States that have enacted such laws generally experience an initial sign-up
rush, followed by a leveling off once consumers realize the ineffectiveness
of such laws. Consumers do not renew at the same rate for this same reason.
The end result is another government bureaucracy implementing another
ineffective program at considerable cost to the taxpayer, another governmental
burden on business, and increased costs for the consumer who is the real
loser.
Background
In 1991, the Federal Communications Commission (FCC) implemented the Telephone
Consumer Protection Act (TCPA). This law, together with the 1995 Telemarketing
Sales Rule (TSR) promulgated by the Federal Trade Commission (FTC), formalized
federal rules governing the operation of legitimate telemarketers. Neither
law preempted states from establishing additional restrictions in this
area. Companies conducting business by telephone may not call a consumer
who has requested to receive no more calls from, or on behalf of, the
seller whose goods or services are being offered. Sellers are required
to maintain do-not-call lists of those consumers who do not wish to be
contacted by phone, to develop a written policy, available upon request,
of their do-not-call procedures, and to train telemarketing personnel
in these procedures.
On the state level,
the following states have enacted do-not-call provisions:
Alabama
Alaska
Arkansas
California
Colorado
Connecticut
Florida
Georgia
Idaho
Illinois
Indiana
Kansas
Kentucky
Louisiana
Maine
Massachusetts
Michigan
Minnesota
Mississippi
Missouri
New Mexico
New York
North Dakota
Oklahoma
Oregon
Pennsylvania
South Dakota
Tennessee
Texas
Vermont
Wisconsin
Wyoming
Of these, Connecticut,
Maine, Pennsylvania, and Wyoming do not maintain a dedicated state do-not-call
list but require telemarketers to subscribe to the Direct Marketing Association's
Telephone Preference Service, a privately run national do-not-call list.

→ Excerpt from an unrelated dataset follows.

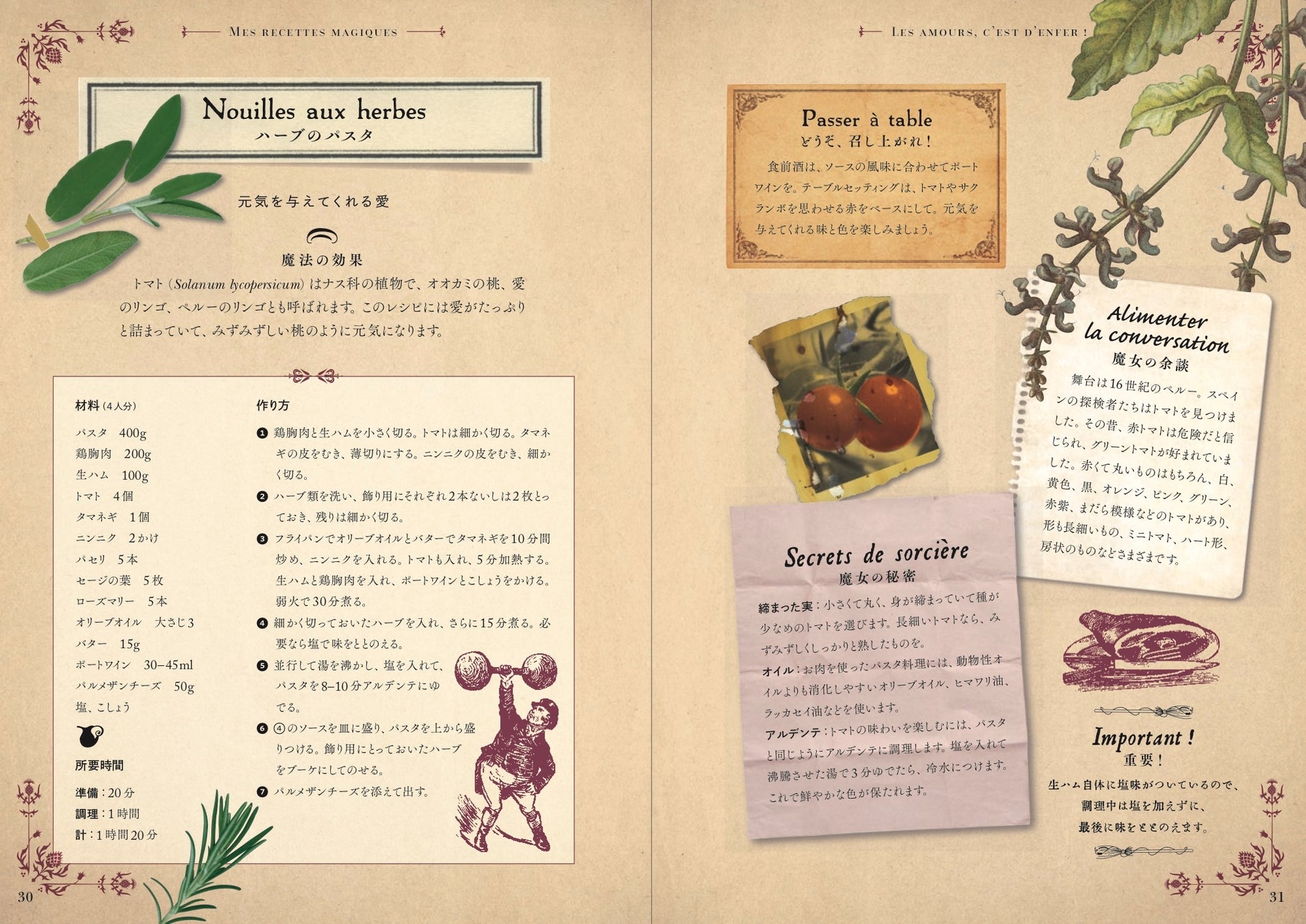 魅惑のレシピ、人を惑わす美的センス、不思議な呪文と文化的教養など、欲しいものを手に入れて自信に満ちた女性になるための奥義が満載! 作って食べて楽しんで。フランスのエスプリあふれる魔法の本の誕生です。

The state laws now in effect differ widely in how they define exemptions;
all of them, however, require compliance with a single list that teleservices
providers would have to purchase from the state. The list of exemptions
to do-not-call legislation can be broad or narrow. Virtually all, however,
include three broad general categories: (1) calls falling under the heading
of political speech, including fundraising, and other forms of "free
speech" such as surveys or research that does not include a solicitation;
(2) calls by non-profit or charitable organizations; (3) calls to consumers
with which the company has an established business relationship.